Late Saturday I was checking out the bud. Swelled up nice and was rather large.
Next mourning it was all open.
The petals were untwisted, and at that point, the flower had the most symmetry.
Tip to tip they measured 5.875"

Then the petals went every direction. So no pics till today.
Maybe they will look more symmetric in the next day or so.
But there is a touch of brown on the backside of bloom.
Those spots never get smaller.



My first flower from flask.

Phragmipedium longifolium







I thought I would include another first.
I call this shot...

Flower with Hand







Don't get too excited.
There are two plants in this 4'' sq. pot.






Tip to tip now is 6.125"


----------



## NYEric (Jul 24, 2014)

Seems pretty exciting to me!
Leave that along with the Calurum outside and i'll pick them up on Sunday! BTW Parkside Friday!!


----------



## eaborne (Jul 24, 2014)

Great job!


----------



## eteson (Jul 24, 2014)

Very good!
Those greens are great!


----------



## eOrchids (Jul 24, 2014)

Looking good, Clark!


----------



## Justin (Jul 24, 2014)

Great milestone.


----------



## MaryPientka (Jul 24, 2014)

Beautiful!


----------



## Phrag-Plus (Jul 24, 2014)

Congratulation! And a nice species!


----------



## 17andgrowing (Jul 24, 2014)

Congrats!


----------



## SlipperFan (Jul 24, 2014)

Nice one. It will be interesting to see the pouch color in cooler weather.


----------



## abax (Jul 24, 2014)

I don't normally like the greens, but I really do like this one with its
Groucho eyebrows...oh, if it only had a mustache and glasses!


----------



## bullsie (Jul 25, 2014)

Oh Clark, wonderful job!


----------



## phrag guy (Jul 25, 2014)

that is great Clark,a nice one


----------



## cnycharles (Jul 25, 2014)

Very nice!


Sent from my iPhone using Tapatalk


----------



## Clark (Jul 28, 2014)

Many thanks!


----------



## Markhamite (Jul 28, 2014)

Very nice!
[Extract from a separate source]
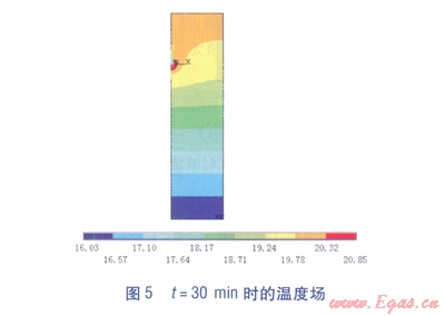 ①運(yùn)用有限元軟件ANSYS的熱分析功能,模擬得到了埋地管道氣密性試驗(yàn)過(guò)程中溫度場(chǎng)隨時(shí)間的變化情況:試驗(yàn)開始階段,管道溫度下降較快,30min后,管道溫度下降速度減緩,經(jīng)過(guò)1.5h后,管內(nèi)外溫度場(chǎng)基本達(dá)到穩(wěn)定。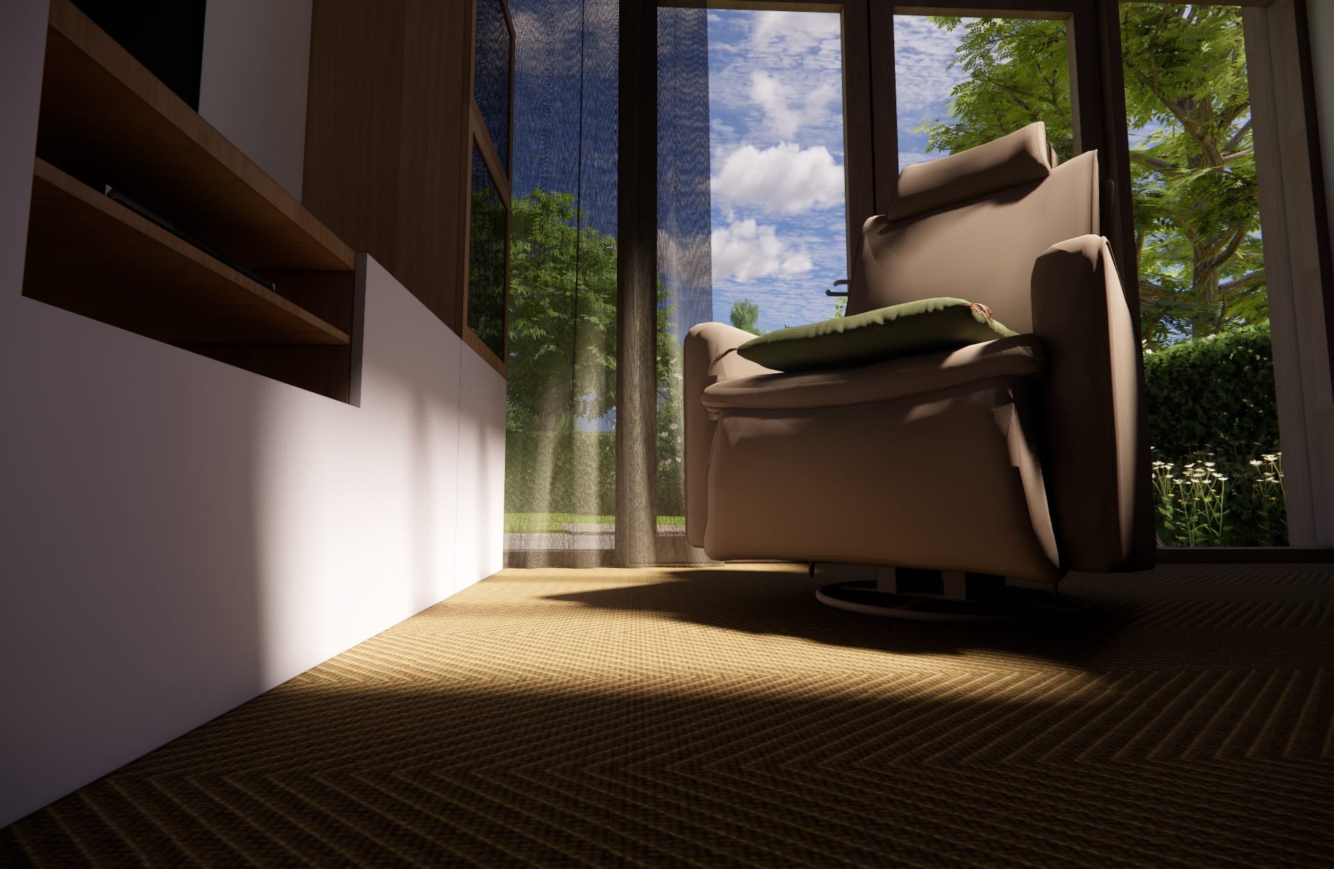 De woning is volledig egaal, zonder drempels ontworpen. Optimaal voor een rolstoel of degenen die slecht ter been zijn. De voordeur bevind zich op maaiveld hoogte, zo kunt u zelfs zonder drempel uw woning binnengaan.

I have to get back one of these.


----------



## phraggy (Dec 16, 2014)

Lovely and well grown.

Ed


----------



## orchidsimplicit (Dec 16, 2014)

Very nice!


----------



## sawyer9720 (Dec 19, 2014)

Way to go, Clark!


----------



## Rick (Dec 21, 2014)

Very cool Clark:clap::clap:

How long ago did you do the breeding?

It's awesome to see those first bloomings from flasklings.


----------



## Clark (Dec 25, 2014)

Thanks a mill!

Rick, I did not do breeding. I deflasked them 5.5-6 years ago.
All my phrags have exploded since changing fertilizer, and getting rid of the shovel I was using to measure it with.

#1 has two flowering spikes now, Angela bought #2, and #3 is spiking.

Funny you mentioned breeding 
Merry Christmas.


----------